◆ Supplied material:
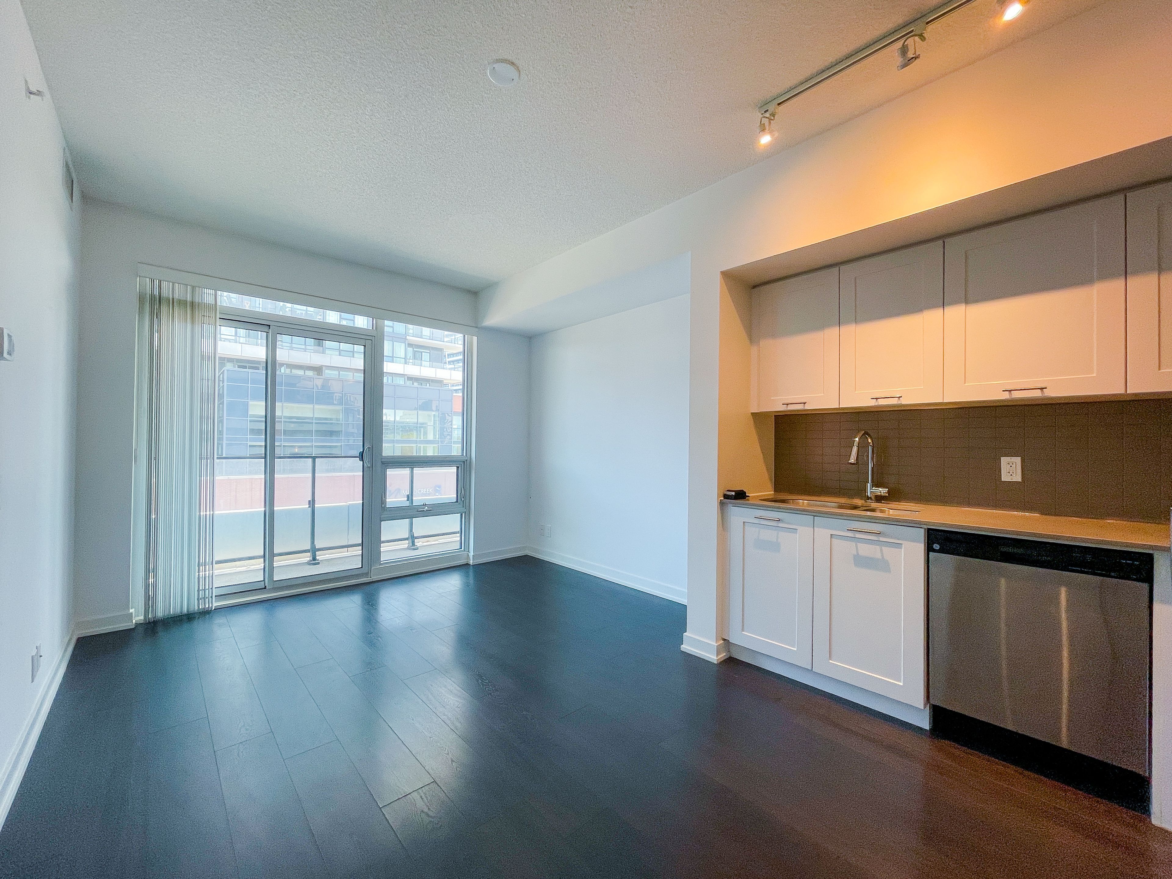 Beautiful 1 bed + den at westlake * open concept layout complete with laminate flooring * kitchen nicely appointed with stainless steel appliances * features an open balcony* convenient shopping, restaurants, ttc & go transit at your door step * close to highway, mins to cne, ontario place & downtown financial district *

---

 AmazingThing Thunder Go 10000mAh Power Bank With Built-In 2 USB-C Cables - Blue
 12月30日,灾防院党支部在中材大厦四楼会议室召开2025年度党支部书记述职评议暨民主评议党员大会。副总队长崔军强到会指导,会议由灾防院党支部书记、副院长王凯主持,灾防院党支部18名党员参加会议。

◆ Task item:
All lines above between those holding "AmazingThing Thunder Go" and "12月30日,灾防院党支部在", inclusive, must be set down unchanged, and no other line may be included.

◆ Written answer:
 AmazingThing Thunder Go 10000mAh Power Bank With Built-In 2 USB-C Cables - Blue
 12月30日,灾防院党支部在中材大厦四楼会议室召开2025年度党支部书记述职评议暨民主评议党员大会。副总队长崔军强到会指导,会议由灾防院党支部书记、副院长王凯主持,灾防院党支部18名党员参加会议。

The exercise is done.